Red Onion & Roasted Cherry Tomato Soup

Red Onion & Roasted Cherry Tomato Soup
Yes, yes, I know it's not tomato season so I really shouldn't be making this, but I am generally pretty good when it comes to buying seasonal ingredients (you won't see me touch an apple in the summer, for example). The thing is, it's starting to feel like spring outside and the Mediterranean flavours of this soup just remind me of warmer days (cue a sudden cold spell and all the early budding flowers being wiped out in a mass icy cull). The recipe comes from New Covent Garden Soup Company's Soup & Beyond. Serves 4.

Ingredients:
1.35kg cherry tomatoes
3 large garlic cloves, quartered
3 red onions, 2 finely sliced, 1 chopped
1 large handful basil leaves
4 tbsp olive oil
25g butter
2 tsp balsamic vinegar
2 heaped tsp dark brown sugar
salt and freshly ground black pepper
300ml boiling water

Method:
1. Preheat the oven to 190C/375F/gas 5. Place the tomatoes in a shallow roasting tin, along with the garlic and the chopped onion. Scatter over half a dozen basil leaves and season with salt and pepper.

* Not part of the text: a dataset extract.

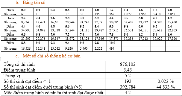Phổ điểm trung bình môn Tiếng Anh của năm ngoái là 5,15; số thí sinh đạt dưới 1 điểm là 423, chiếm 0,05%; số thí sinh đạt điểm dưới trung bình (dưới 5) là 446.648, chiếm 51,65%. Mốc điểm trung bình có nhiều học sinh đạt nhất là 3,8.

Coat well with three-quarters of the olive oil and roast for 50-60 minutes until the tomatoes are soft and beginning to brown.
2. Melt the butter and gently fry the sliced onions until they are tender and caramelised (about 10 minutes). Add the balsamic and the sugar and cook for another 2 minutes.
3. Purée the cooked tomatoes with a little water in a liquidiser or food processor and pass through a fine sieve. Add the purée and any remaining water to the onions and taste for seasoning. Tear the remaining basil leaves and stir into the soup. Reheat gently and serve.